The park brake relay valve 62 pneumatically controls the park brakes 26 and/or 28.

In the example, the park brake relay valve 64 is mounted on the tractor 21 and controls its park brakes 26, whereas another non-represented park brake relay valve mounted on the trailer 22 is supplied with air under pressure via a non-represented air supply line of the trailer and controls the trailer park brakes 28.

The computer system 50, the park brake relay valve 64 and the park brakes 26 and 28 together belong to a park brake system 66 of the vehicle 20.

The VMCU 51 controls the park brake control unit 62 via control signals S₅₁ transiting through one or several connection line(s) L₅₁.

The request signals S₅₂, S₅₄ and S₅₆ may include several types of requests, such as application of park brake, release of park brake, proportional control of park brake (when the park brake is used as a service brake), pre-release of park brake and release inhibition of park brake.

In practice, each signal S₅₂, S₅₄ or S₅₆ is emitted by the corresponding requester 52, 54 or 56 with a predetermined signal frame SF, also called “frame time period” or “cycle time”. The signal frame SF, frame time period or cycle time is a period sufficient for the request to be fully transmitted by the corresponding signal. Advantageously, the signal frame SF is at least 1 ms (millisecond), preferably at least 50 ms.

The VMCU 51 is configured to receive and process each request R received within a request signal, prior to forwarding it to the park brake control unit 62, if it is valid.

An issue with the vehicle 20 is that, irrespective of its exact type, a request R included in a signal S₅₂, S₅₄ or S₅₆ must be taken into account only when it is valid, in other words correctly sent by one of the requesters to the VMCU 51. With this respect, it may happen that a request signal is sent by accident, due to a default in one requester or to an inappropriate manipulation of the requester by a user. For instance, a short request signal may be emitted by the requester and received by the VMCU 51, but the corresponding request R should not be forwarded to the park brake control unit 64. Conversely, a default in a requester might generate a “permanent” emission of a request signal, which is received by the VMCU 51, but the corresponding request R should not be forwarded to the park brake control unit 64.

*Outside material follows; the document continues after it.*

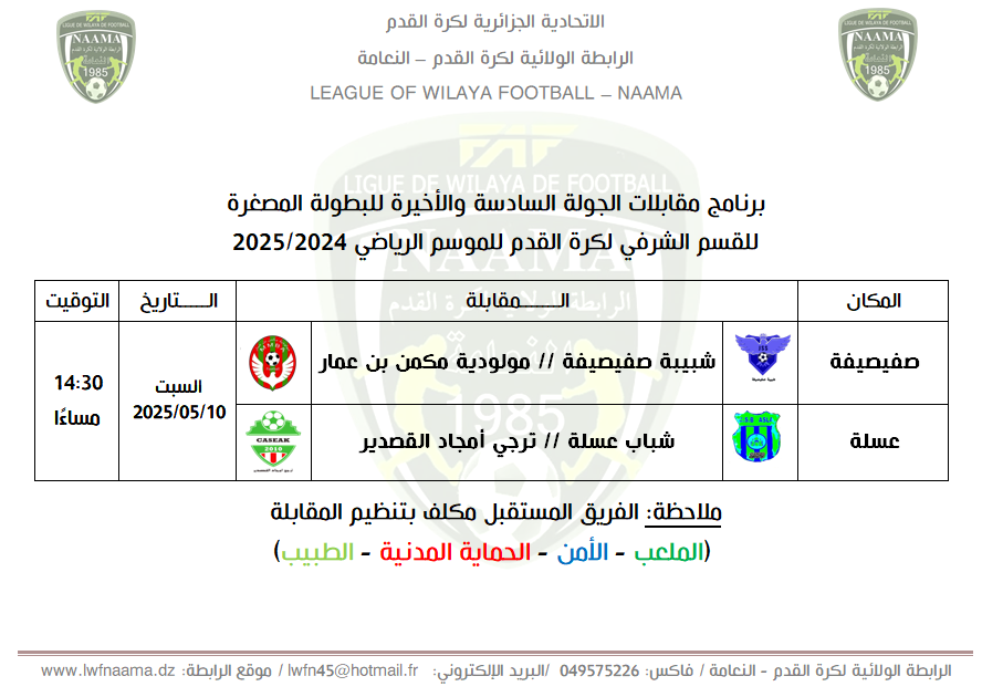 بين 1 جويلية 2025 و10 أكتوبر 2025 لفرق الرابطات الولائية.

This is handled by a request arbitrator 70 integrated in the VMCU 51 and configured to assess whether or not a request R received from one of the requesters 52, 54 and 56 in one the signals S₅₂, S₅₄ or S₅₆ is valid and must be forwarded to the park brake control unit 62.

The request arbitrator 70 may be a specific component of the circuitry 51, such as a micro-processor.

In a variant, the request arbitrator 70 is a software brick.

As shown on FIG. 4, a request is R incorporated in a request signal S(R), S′(R) or S″(R) as a succession of signal frames SF, where the request signal takes either an activated value when the request is presented, equal to 1 in the example, or a neutral value when the request is not presented, equal to 0 in the example.

The activated value may also be called a “high output state” or a “high logical state”, and the neutral value may also be called a “low output state” or a “low logical state”.

Alternatively, the activated value can be different from 1. According to a variant, the activated value equals O and the neutral value equals 1. According to another variant, a request signal can take several activated values.

On FIG. 4, a signal S(R), S′(R) or S″(R) may represent any of the request signals S₅₂, S₅₄ or S₅₆.

The request arbitrator 70 is configured to run a safety check upon reception of a request signal S₅₂, S₅₄ or S_56, as a part of a computerized-implemented method 1000 schematically represented on FIG. 3.

This method 1000 includes a first step 1002 where the circuitry formed by the VMCU 51 is initialized, including the request arbitrator 70.

The method 1000 includes a further step 1004, where a request signal S₅₂, S₅₄ or S₅₆ is received by the VMCU 51, from one of the requesters 52, 54 or 56, with the activated value, equal to 1 in the example.

In another step 1006 starting at step 1004, the VCMU counts the time, elapsed since the reception of the request signal, for which the request signal keeps the activated value. The step 1006 goes on as long as the method 1000 has not reached one of its final steps 1014 or 1018 discussed here below. Thus, the time t counted in step 1006 is representative of the duration of the request signal.

When step 1006 has started, the request arbitrator 70 runs the safety check.

In a first comparison step 1008, the request arbitrator 70 compares the time t counted at step 1006 to a first predetermined time-period Δt1.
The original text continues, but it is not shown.